_Problem statement_. The line with "04月24日,茂业商业收报2" marks the first line to copy, and the line with "Avec cette magnifique" marks the last. Transcribe that stretch of the data below exactly, without pictures.
───── Raw data ─────
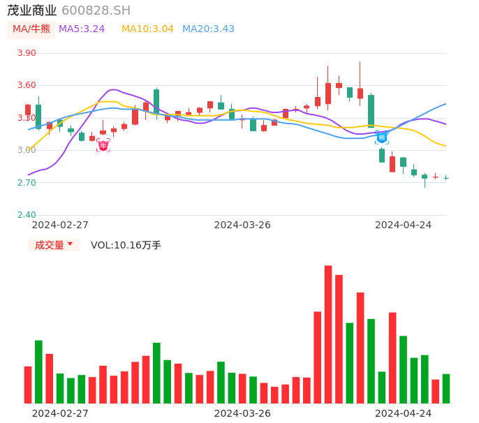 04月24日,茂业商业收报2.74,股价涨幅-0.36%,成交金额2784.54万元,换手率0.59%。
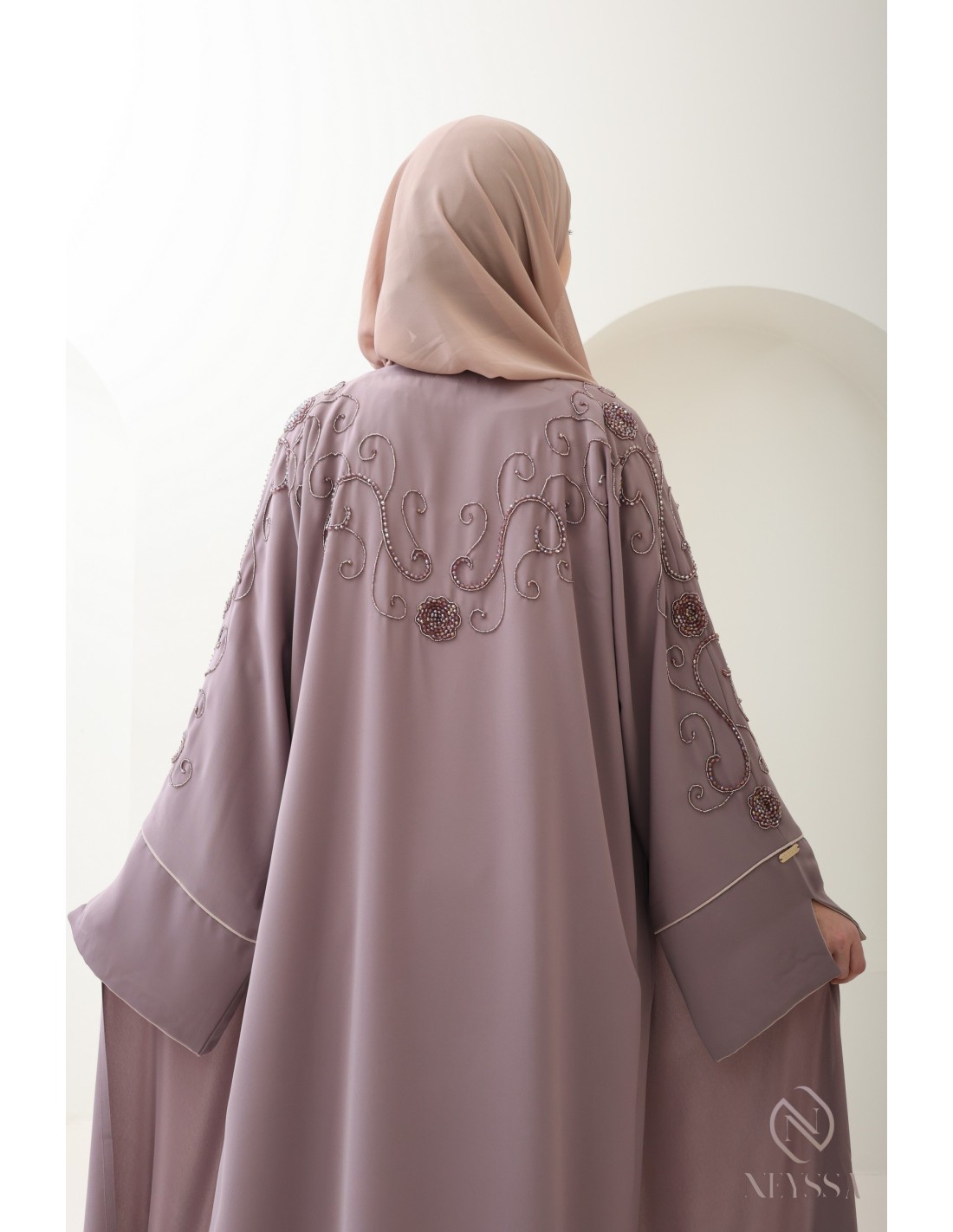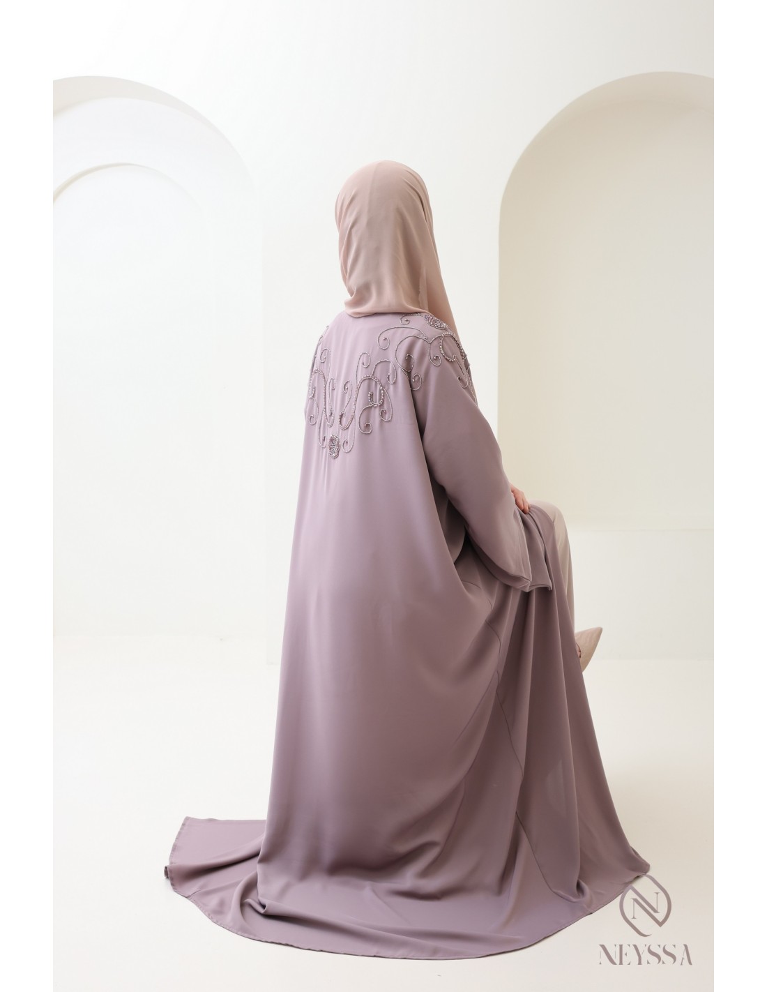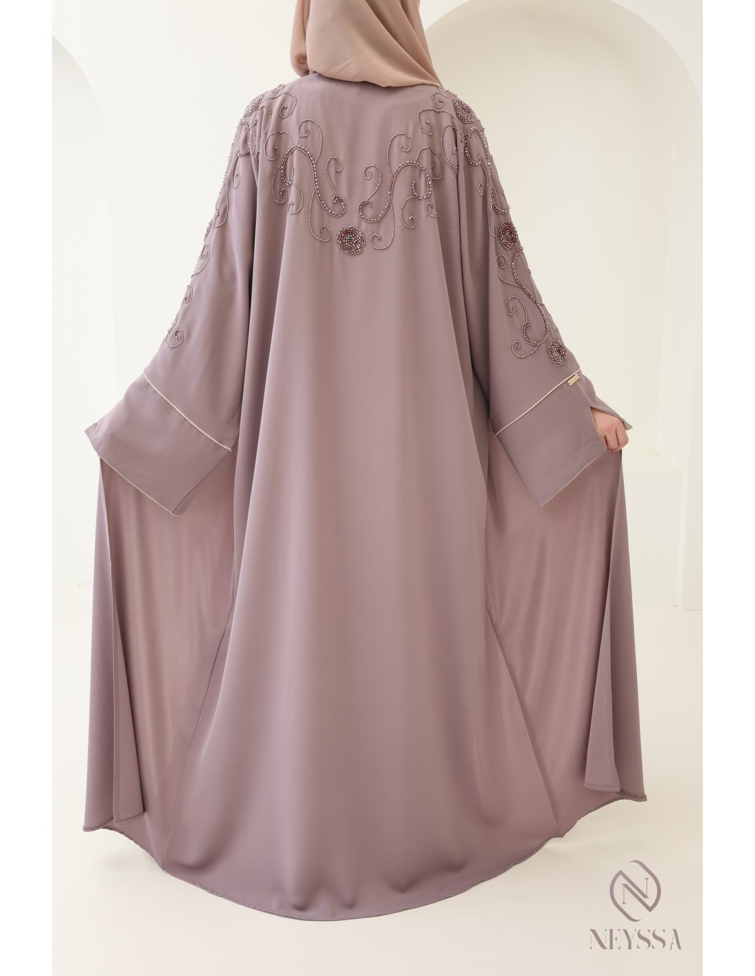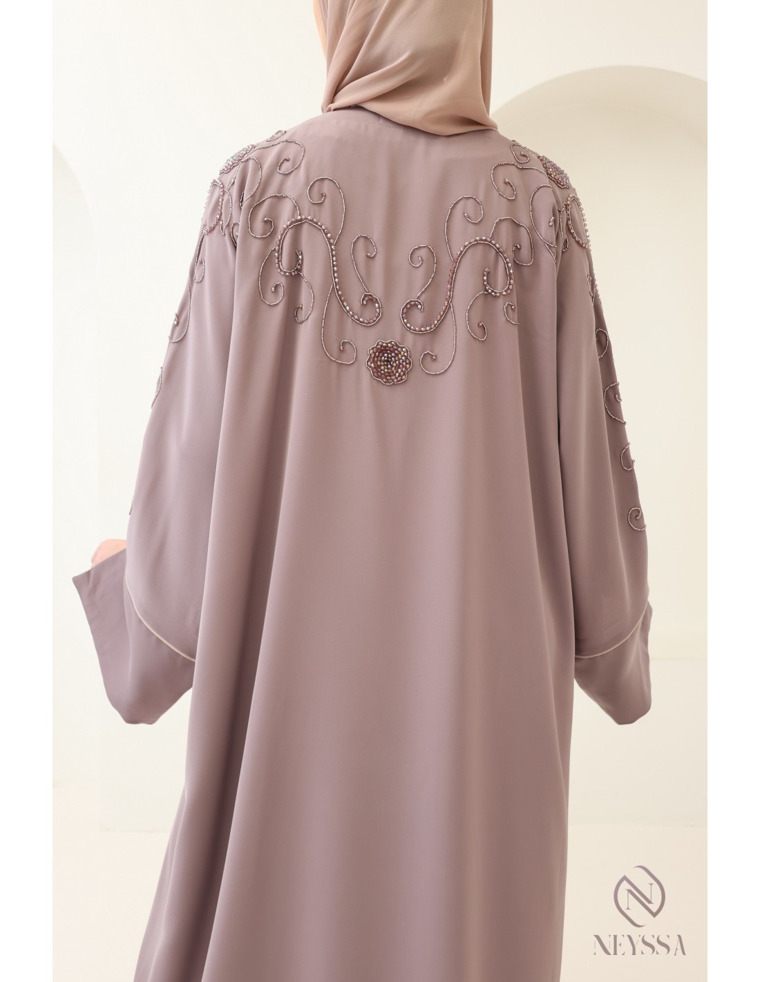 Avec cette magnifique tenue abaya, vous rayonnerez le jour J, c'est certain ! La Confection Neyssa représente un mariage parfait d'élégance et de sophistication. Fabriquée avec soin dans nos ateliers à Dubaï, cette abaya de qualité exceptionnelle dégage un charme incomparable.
─────
───── Raw data ─────
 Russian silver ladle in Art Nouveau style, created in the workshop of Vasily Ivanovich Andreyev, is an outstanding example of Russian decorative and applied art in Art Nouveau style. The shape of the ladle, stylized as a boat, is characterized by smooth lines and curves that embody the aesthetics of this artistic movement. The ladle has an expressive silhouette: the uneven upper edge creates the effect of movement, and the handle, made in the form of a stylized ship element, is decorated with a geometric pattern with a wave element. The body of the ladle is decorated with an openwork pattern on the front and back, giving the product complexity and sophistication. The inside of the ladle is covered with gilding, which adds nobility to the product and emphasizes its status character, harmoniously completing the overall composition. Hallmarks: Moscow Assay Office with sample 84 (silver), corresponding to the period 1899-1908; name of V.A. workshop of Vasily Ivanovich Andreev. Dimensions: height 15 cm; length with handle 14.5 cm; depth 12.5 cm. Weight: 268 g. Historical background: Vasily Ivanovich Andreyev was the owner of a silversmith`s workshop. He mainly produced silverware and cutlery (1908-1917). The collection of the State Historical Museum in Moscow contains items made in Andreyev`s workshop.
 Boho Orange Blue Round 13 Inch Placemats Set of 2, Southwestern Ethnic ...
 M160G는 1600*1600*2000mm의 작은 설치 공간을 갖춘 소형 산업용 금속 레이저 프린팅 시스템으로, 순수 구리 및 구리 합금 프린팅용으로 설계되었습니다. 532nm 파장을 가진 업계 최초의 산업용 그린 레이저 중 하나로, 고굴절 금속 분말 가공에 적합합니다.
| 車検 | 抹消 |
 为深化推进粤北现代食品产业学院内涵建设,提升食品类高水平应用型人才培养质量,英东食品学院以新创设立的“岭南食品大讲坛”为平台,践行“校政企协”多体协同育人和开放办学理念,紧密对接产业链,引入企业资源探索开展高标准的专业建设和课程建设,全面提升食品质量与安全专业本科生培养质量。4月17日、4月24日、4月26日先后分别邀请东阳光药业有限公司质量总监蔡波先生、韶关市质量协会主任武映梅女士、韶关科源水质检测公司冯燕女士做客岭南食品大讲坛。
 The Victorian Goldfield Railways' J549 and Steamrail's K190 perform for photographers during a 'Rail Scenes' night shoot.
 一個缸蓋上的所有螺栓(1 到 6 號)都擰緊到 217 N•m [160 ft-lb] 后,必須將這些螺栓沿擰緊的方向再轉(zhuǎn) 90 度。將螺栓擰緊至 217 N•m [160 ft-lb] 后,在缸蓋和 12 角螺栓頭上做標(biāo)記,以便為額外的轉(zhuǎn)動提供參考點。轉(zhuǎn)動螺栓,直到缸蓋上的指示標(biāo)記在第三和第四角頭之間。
─────
───── Raw data ─────
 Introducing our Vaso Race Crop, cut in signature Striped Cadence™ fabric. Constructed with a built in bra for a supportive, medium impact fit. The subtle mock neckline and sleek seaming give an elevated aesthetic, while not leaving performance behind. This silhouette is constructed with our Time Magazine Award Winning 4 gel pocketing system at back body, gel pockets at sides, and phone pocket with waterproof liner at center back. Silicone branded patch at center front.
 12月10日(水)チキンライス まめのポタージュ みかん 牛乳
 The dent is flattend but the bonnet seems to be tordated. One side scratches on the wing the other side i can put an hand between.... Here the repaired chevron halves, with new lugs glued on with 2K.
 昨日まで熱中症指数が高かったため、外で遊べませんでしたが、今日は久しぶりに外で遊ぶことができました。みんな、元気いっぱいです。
─────
_Expected answer_.
 04月24日,茂业商业收报2.74,股价涨幅-0.36%,成交金额2784.54万元,换手率0.59%。
 Avec cette magnifique tenue abaya, vous rayonnerez le jour J, c'est certain ! La Confection Neyssa représente un mariage parfait d'élégance et de sophistication. Fabriquée avec soin dans nos ateliers à Dubaï, cette abaya de qualité exceptionnelle dégage un charme incomparable.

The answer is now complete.